Curley soccer takes Reif Alumni Cup back from Calvert Hall
Ten years after the death of Bernie Reif, his legacy continues.
Reif, the first soccer coach at Baltimore’s Archbishop Curley High School, one who guided the Friars to their first championship in 1968, seemed drawn to wherever games and practices were taking place.
He loved the game and had an impact on the entire community. Current Curley coach Barry Stitz, who played for the Friars in the mid-80’s, still smiles when talking about “Mr. Bernie.”
That’s why any match-up with Calvert Hall College High School, where Reif’s son, Chris, starred in the early 1980s, carries so much emotion. Long heated rivals, the two schools long renamed the trophy that comes from the first of their annual meetings in the Maryland Interscholastic Athletic Association A Conference the Bernie Reif Alumni Cup after he died in 2007.
That prize was at stake Sept. 27 at Curley, where the Friars took command in the second half en route to a 5-1 victory over the Cardinals.
In addition to coming back to beat Curley in last year’s A Conference championship game, Calvert Hall won the Reif trophy each of the last two seasons.

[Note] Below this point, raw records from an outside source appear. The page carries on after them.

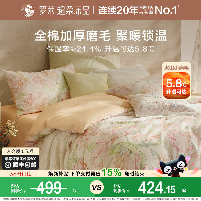 罗莱家纺LOVO乐蜗全棉加厚磨毛四件套纯棉保暖被套床单学生三件套
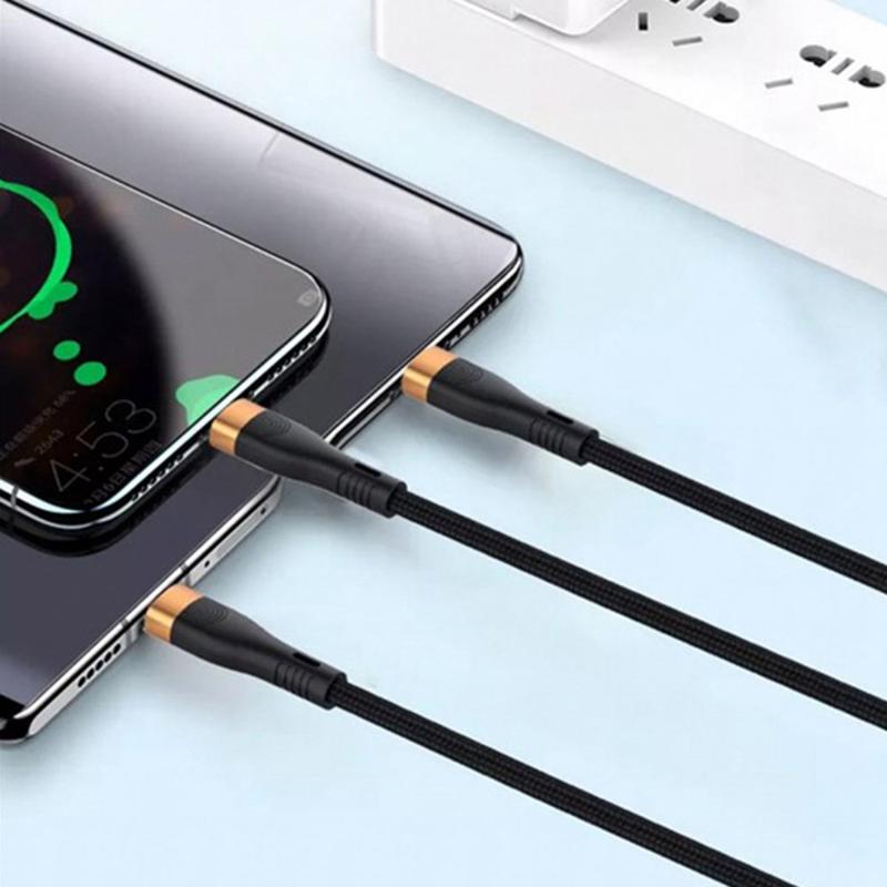 Streamline charging and syncing with a single, durable lead. This 3-in-1 cable has a USB-C (Type-C) input and three outputs—Lightning, USB-C and Micro USB—so you can power and transfer data across different devices without carrying multiple cables. The nylon-braided build is made to last, an integrated E-marker smart chip supports safer, more efficient charging, and the 1.2 m length gives comfortable reach at the desk, sofa or bedside.
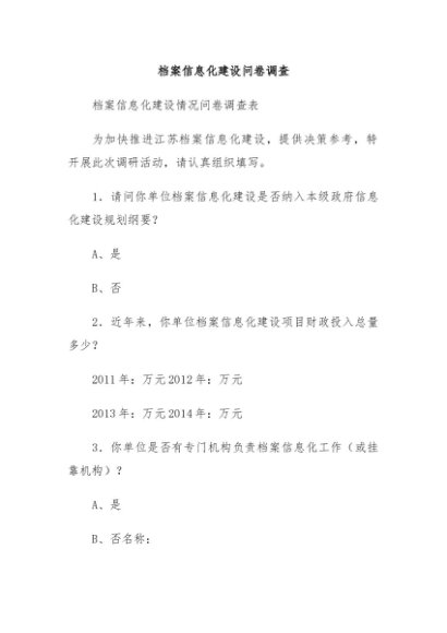 【七哥公文】2024年:档案信息化建设问卷调查+更多免费公文+VX:QiGeGongWen2024
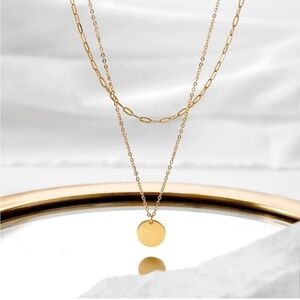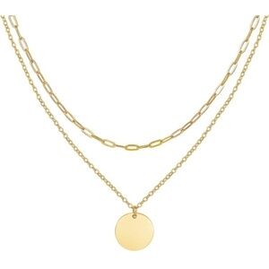 Gold 14k Gold Plated 2pc Chain Disc Necklace Set
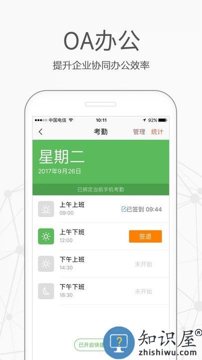 机考勤、流程审批、工作汇报、移动报销、任务管理、企业云盘、企业通讯录、在线聊天等丰富的功能
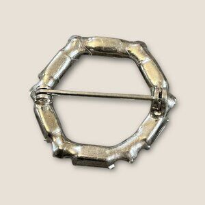 This brooch features a hexagonal design with sparkling rhinestones set in silver-tone metal. A timeless piece for accessorizing and adding subtle elegance.
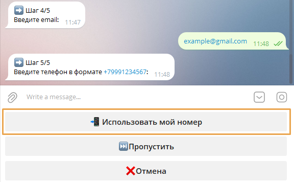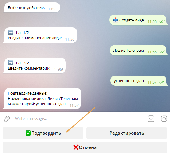 Бот запустит пошаговый процесс — аналогичный созданию лида в личном кабинете.

Ranked No. 1 in Maryland and No. 2 in the nation according to topdrawersoccer.com, the Friars wanted it back, which junior Anthony Dragisics made very clear after this game.

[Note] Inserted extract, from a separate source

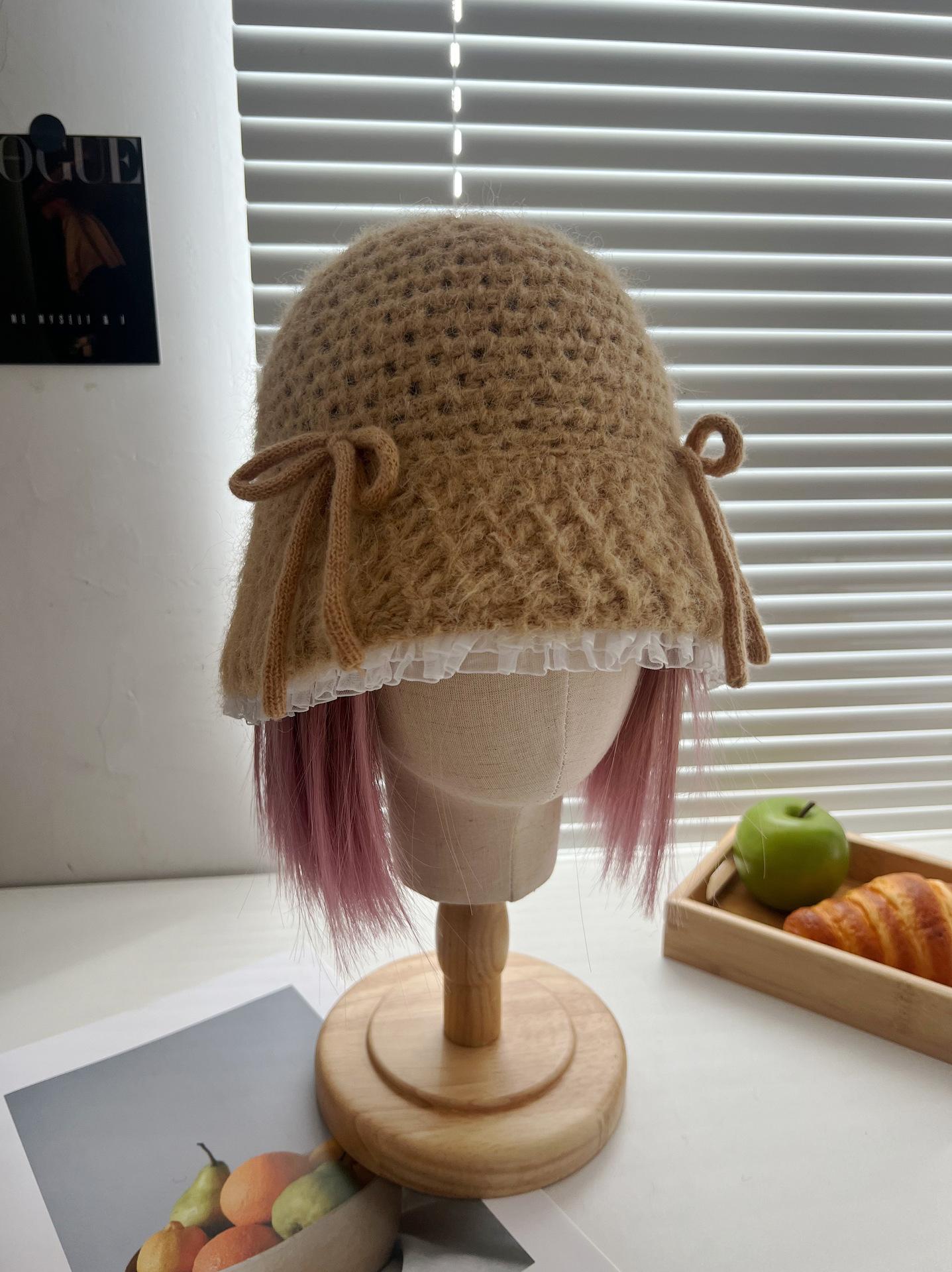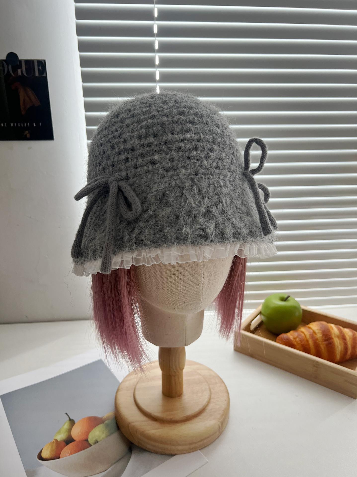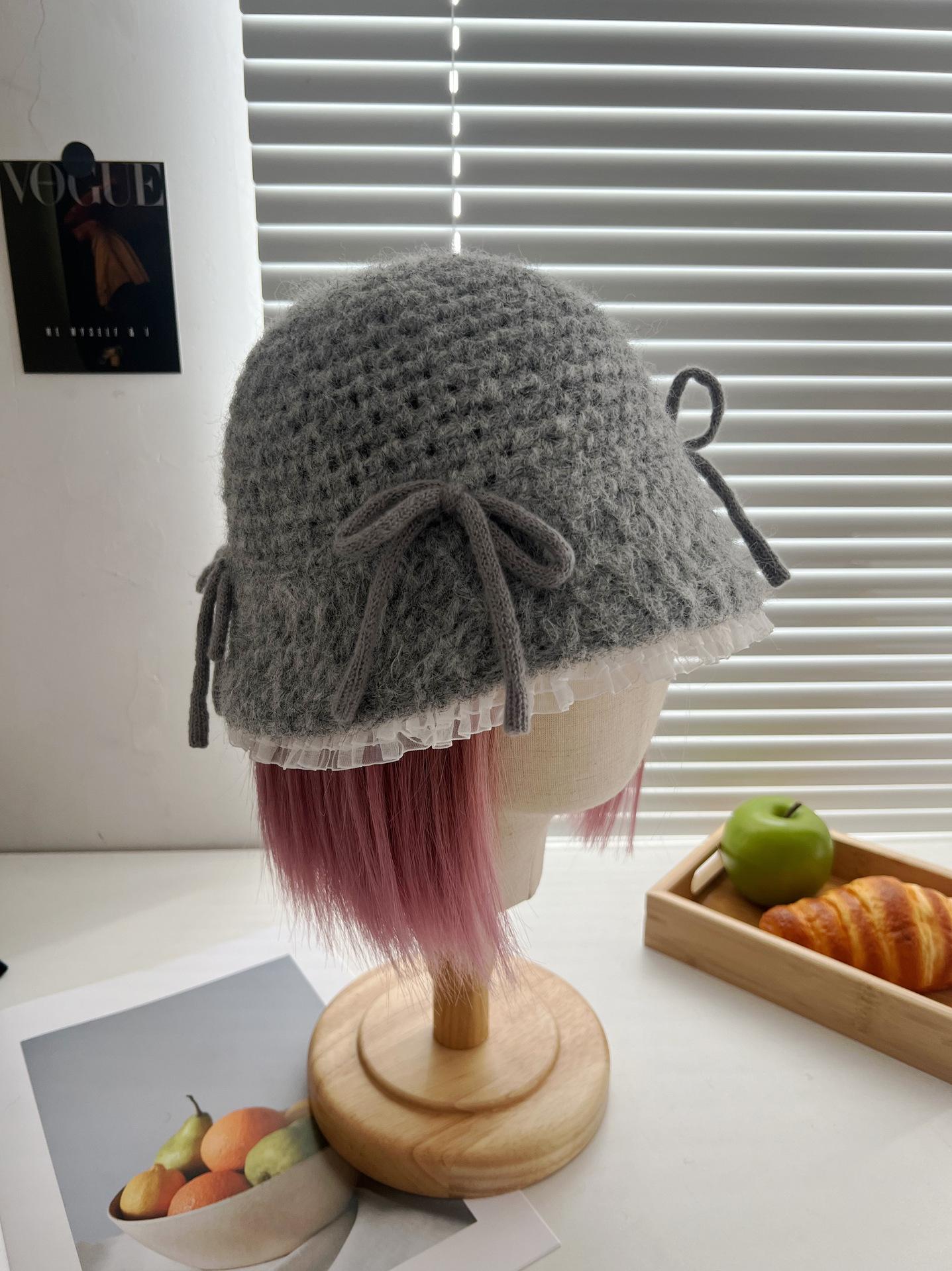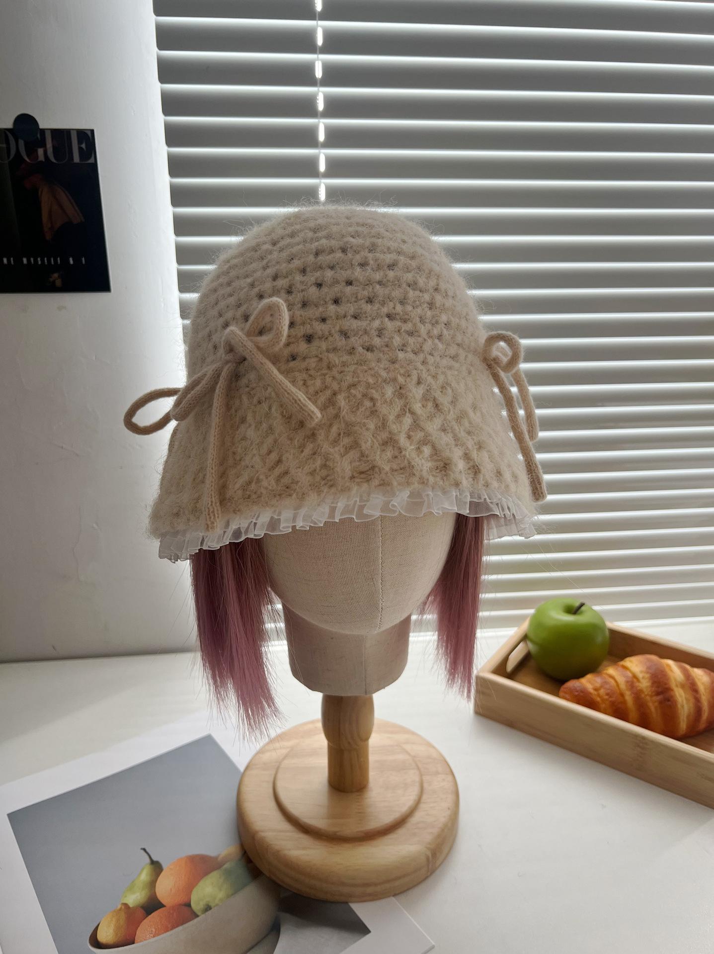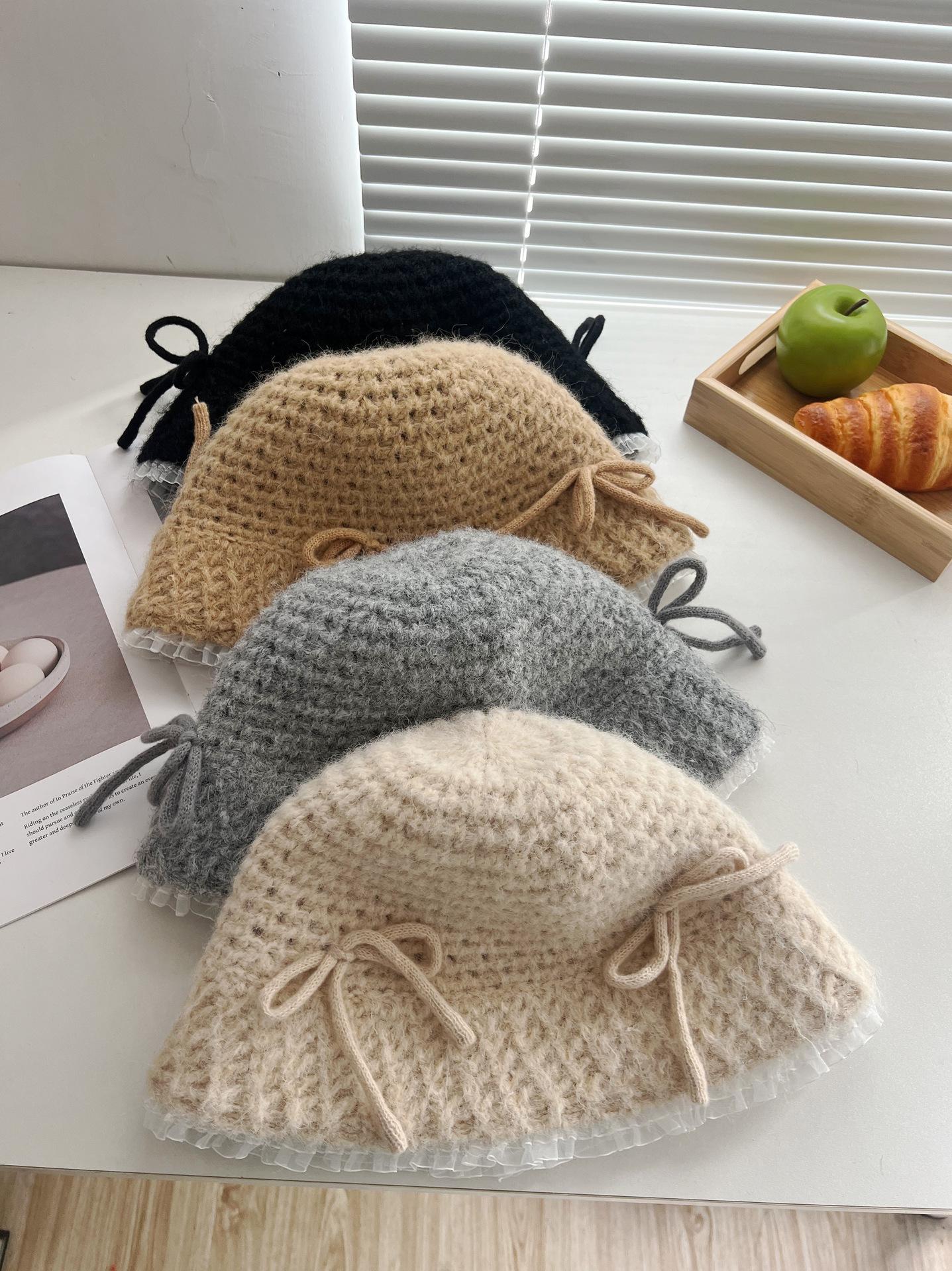Sombrero de lana tejido con lazo dulce y lindo estilo japonés para mujer otoño e invierno cálido protección para las orejas sombrero de pescador de cabeza de cubo hace que la cara se vea pequeña

“It’s a game that’s special for me because my freshman and sophomore year (we) lost it,” said Dragisics, who scored out what turned out to be the winning goal in the 39th minute. “So it’s a big game for me. Within the team, we just had that extra oomph, that extra energy. It has a very big meaning for us.”
Stitz’s son, Ben scored the game’s first goal. The Friars, who improved to 11-0 overall and 8-0 in the A Conference, also got goals from Tommy Sidleck and Bryce Woodward. Curley is anchored by Nick Richardson, who has accepted a scholarship to play for the University of Maryland, and the younger Stitz, who will attend the University of Pennsylvania in the Ivy League.

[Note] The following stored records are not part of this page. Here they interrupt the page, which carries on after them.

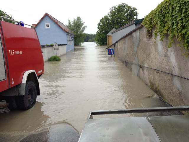 Feuerwehren aus dem ganzen Bezirk und unzählige Freiwillige sind im Einsatz um gegen das Wasser anzukämpfen.
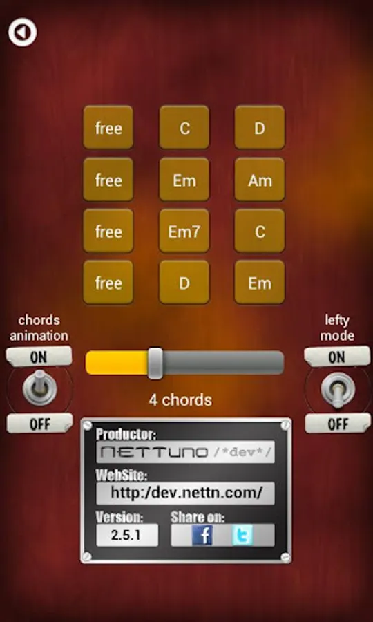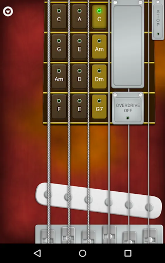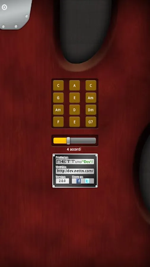 Choose an on-line chords sequence, or set it by yourself, save it on your device and share it with the world! Every time you touch the big chords-holder button, you switch sequentially between the chords.
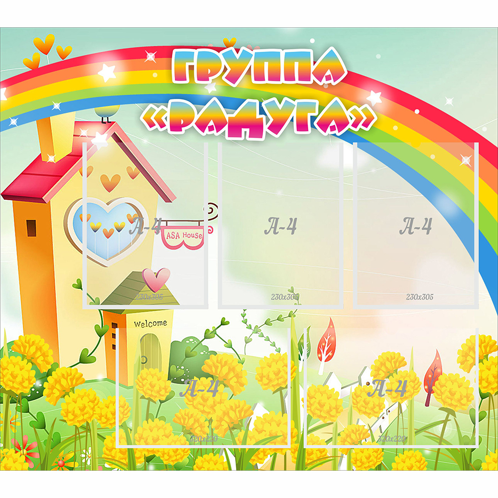 Для размещения необходимой информации служат пять прозрачных пластиковых карманов, расположенных так, чтобы не заслонять радугу и название стенда.

Coach Stitz knew the elder Reif well and remembers many times he and his friends would be playing soccer games at Herring Run Park or elsewhere in the community, and they’d eventually notice him there.
“(You’d) see Mr. Bernie and … his friends at the game,” Stitz said. “(When you) see those guys down there with Mr. Bernie, you wanted to show him how good you were.”
Chris Reif, Bernie’s son, adds an interesting twist to the rivalry.
When asked if he rooted for the team his dad coached (Curley) or the one he played for (Calvert Hall), Reif gave a playful grin and answered that it was the latter. Still, though, watching this game with a trophy named in his father’s honor clearly meant so much to him.
“It’s such a great game, what it means to the schools,” said Reif, who went on to star for the University of Connecticut when it was a national power. “It’s good for soccer – soccer wins. My mom just turned 90, and when my dad passed, and they renamed it, it was such an honor.”
The 5-1 romp gave Curley an 8-7-1 lead in the Alumni Cup series.
Calvert Hall coach Rich Zinkand loves the unique bond between the two schools, one which has grown over time. He and Stitz played college soccer together at Towson University, were in each other’s weddings, and even had Chris Reif as an assistant coach in college.
Zinkand also remembers how so much goes back to the man the cup is named for now.
“Mr. Bernie used to be at every game when I was playing club ball,” Zinkand said. “Just a great guy and was a big supporter of the soccer community.”
Pat Richardson remembers playing for Bernie Reif on Curley’s 1968 championship team and said that bragging rights make the rivalry fun because it’s about bragging rights. That’s why Zinkand gave a rueful grin when realizing the Cardinals were going to give up the trophy which sat behind their bench during this contest.
“If I come over here for anything, I’ll just take a look at it,” he said with a smile.